The message for retailers in 2018 is clear: get serious about survival because this market isn’t getting any less competitive. Whether it’s marketing, finding space, building out a brick-and-mortar store or running an e-commerce operation, retail businesses have to find new, innovative ways to integrate technology and draw in customers.
“The one unifying thing between all the retailers going into bankruptcy is that they haven’t adapted for the past quarter century,” said Jeffrey Roseman, a retail broker at Newmark Knight Frank, during Commercial Observer’s second-annual retail forum at Rockefeller Group’s 1221 Avenue of the Americas yesterday. He pointed out that if you went into a Toys “R” Us in recent years, it was a bad experience—dingy and poorly lit.
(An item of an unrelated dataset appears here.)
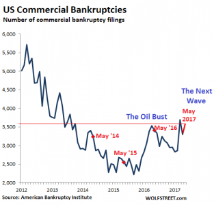 Вопреки обычному сезонному тренду, когда пик банкротств происходит в марте-апреле (что связано с налоговыми циклами), а в мае происходит снижение, American Bankruptcy Institute только что сообщил о росте корпоративных банкротств в мае на 3% относительно апреля, на 4.7% относительно мая 2016 и на 40% относительно мая 2015.

Roseman spoke on the second panel of the day along with Equinox’s Jeffrey Weinhaus, Gensler’s Lauren Adams, Brookfield’s Michael Goldban, Storefront’s Arnaud Simeray and moderator Jaimee Nardiello of law firm Zetlin & De Chiara.
Retailers have to focus on drawing people into stores and creating an experience that makes them want to stick around and buy things.
“As a store you’re not competing with other stores, you’re competing with tickets to Hamilton or going to a bar,” Adams said. “They have to capture your leisure attention.”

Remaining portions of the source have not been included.